On "Larry King" Live he kept steering the conversation back to the economic plan. By the end of the hour-long show, at least some in his audience were in agreement with the president that this is more important than other issues they've been hearing about.

One caller asked the president what he would like his legacy to be, and he replied, "I'd like to get this economy moving again, get the deficit down, and start creating jobs to see working Americans' incomes go up."

The president's stated goal in all this is to cut through what he called the "fog" generated by Republican opponents in Congress. And though he said yesterday that he hoped "conscientious" Republicans would end up voting for the economic package, when it comes out of the conference committee, the White House offensive is clearly aimed at influencing congressional Democrats, either directly or by appealing to their constituents.

Because no Republicans supported Mr. Clinton's plan on the first go-around in Congress, none was invited to Mr. Clinton's speech yesterday. He also plans to meet with the Democratic members of the Congressional Black Caucus, the Hispanic Caucus and the Women's Caucus, press secretary Dee Dee Myers said. She also said the president will address a caucus of conservative Democrats as well as the freshmen Democrats.

In his speech to the Democratic conferees yesterday, Mr. Clinton was clearly attempting to recapture the spirit of Feb. 17, when he electrified the nation and Democrats in Congress by articulating the need for change in federal taxing and spending priorities.

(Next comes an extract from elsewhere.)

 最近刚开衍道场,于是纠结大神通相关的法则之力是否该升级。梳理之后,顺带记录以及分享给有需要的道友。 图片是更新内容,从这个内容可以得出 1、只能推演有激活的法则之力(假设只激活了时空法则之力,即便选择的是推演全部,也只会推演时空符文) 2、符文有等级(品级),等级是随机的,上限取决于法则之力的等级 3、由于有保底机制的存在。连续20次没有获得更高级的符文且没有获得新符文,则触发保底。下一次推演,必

The audience for yesterday's speech was vastly smaller, but Mr. Clinton seemed to find his voice again after months of struggling with vexing side issues ranging from the firing of the White House travel office to the struggle to soften the ban on gays in the military.

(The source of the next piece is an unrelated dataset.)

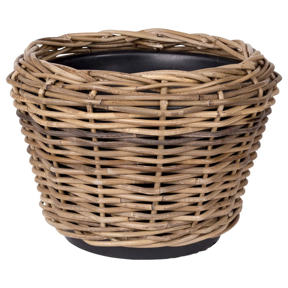 Dieses Drypot Pflanzgefäß besteht aus einem Korb ohne Boden sowie einem fest integrierten Einsatz, auf dessen Boden der Pflanztopf steht. Der Korb besteht aus grauer Weide, wodurch das Pflanzgefäß eine natürliche Oberfläche erhält. Der Kunststoffeinsatz ist zu 100% wasserdicht und verspricht durch den Kunststoffboden eine lange Haltbarkeit. Zudem sind sowohl der Kunststoffeinsatz wie auch der Weidenkorb hochwertig verarbeitet – für eine lange Freude mit dem Pflanzkübel Drypot.

"For a very long time, there has been a kind of political paralysis in this country where we always knew what we had to do, but we could never quite bring ourselves to do it," the president told his often fractious fellow Democrats. "Now, because of your help and your leadership and the raw courage many of you have demonstrated, we have brought our country to the verge of fundamental economic change. The new direction that I discussed with you in February at the State of the Union address is at hand."

In a revamped version of that sales pitch, the president yesterday outlined four themes about his budget that he intends to hammer away on during the coming days:

* It reduces the projected amount of federal deficit spending. "This deficit is a bone in the throat of America," the president said.

* It hits hardest at those in the upper-income brackets. "We ought to return to the fundamental notion of fairness. Those who have the most should pay the most," he said.

* It leaves the middle class largely unscathed by tax increases. The president estimated them at only $50 a year, apparently signaling a significant White House retreat on energy taxes, but also providing Mr. Clinton with an irresistible one-liner:

"You cannot make me believe . . . that the average middle-class family with an income above $30,000 a year and below the income tax increase threshold wouldn't pay a buck a week to get this deficit down."

* It offers incentive for poor people to work -- and for business to invest in poor neighborhoods. "We cannot ignore the fundamental economic reality that a lot of Americans are still left out and left behind in this weak economy," he said. "We have got to have incentives in the final bill to spur growth, to create jobs."